The Finnmark Act (Finnmarksloven) of 2005 transferred about 96% (about 46,000 km^{2}) of the area in the Finnmark county in Norway to the inhabitants of Finnmark. This area is managed by the Finnmark Estate agency.

The Finnmark Estate is managed by a board of directors with six members. Three of these are appointed by the Sami Parliament of Norway, and three by the Finnmark County Council. The leader of the board is elected by the Sami Parliament and the County Council in alternating years.

==Background==
The background for the Finnmark Act is the Sámi people's fight for their rights to manage their land and culture. In 1978 the Norwegian Water Resources and Energy Directorate published a plan that called for the construction of a dam and hydroelectric power plant that would create an artificial lake and inundate the Sami village of Máze. This plan was met by a strong opposition from the Sámi, and resulted in the Alta controversy. As a result of the controversy, the Norwegian government held meetings in 1980 and 1981 with a Sámi delegation appointed by the Norwegian Sámi Association, the Sámi Reindeer Herders’ Association of Norway and the Norwegian Sámi Council. The meetings resulted in the establishment of the Sámi Rights Committee addressing Sámi legal relations, that proposed among other things the establishing the Sami Parliament, and finally the adoption of the Finnmark Act in 2005.

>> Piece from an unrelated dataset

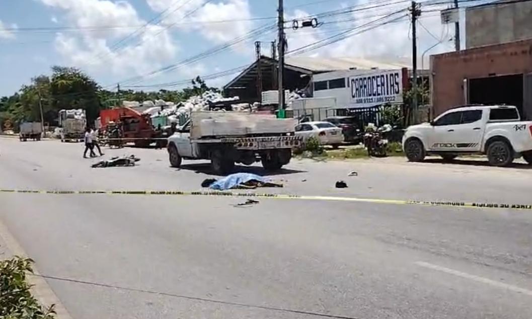CACNÚN- Un motociclista perdió la vida la mañana de hoy sobre la avenida José López portillo, a la altura de la empresa ABC.

The Sámi rights to lands, waters and resources were strengthened after 1990, when Norway recognized the Sámi as an indigenous people by adapting the ILO convention 169 concerning Indigenous and Tribal Peoples in Independent Countries. The convention states that rights for the indigenous peoples to land and natural resources are recognized as central for their material and cultural survival. In addition, indigenous peoples should be entitled to exercise control over, and manage, their own institutions, ways of life and economic development in order to maintain and develop their identities, languages and religions, within the framework of the States in which they live.

==Purpose==
Traditionally the Norwegian authorities had a view that the nomadic Sámi use of land, water and natural resources did not establish any formal legal rights. The basis for the Finnmark act is that "the Sámis, through protracted traditional use of the land and water areas, have acquired individual and/or collective ownership and right to use lands and waters in Finnmark County."

The Finnmark act attempts to strengthen the Sámi rights, by giving the entire population of Finnmark greater influence of the property in the county. However, the act does not cover fishing rights in saltwater, mining, or oil rights.

An important element of the act is discussion and recognition of existing rights of use and ownership of land. For this purpose a commission and tribunal have been set up. The foundation of this work is the principles of established custom and immemorial usage. (ibid.)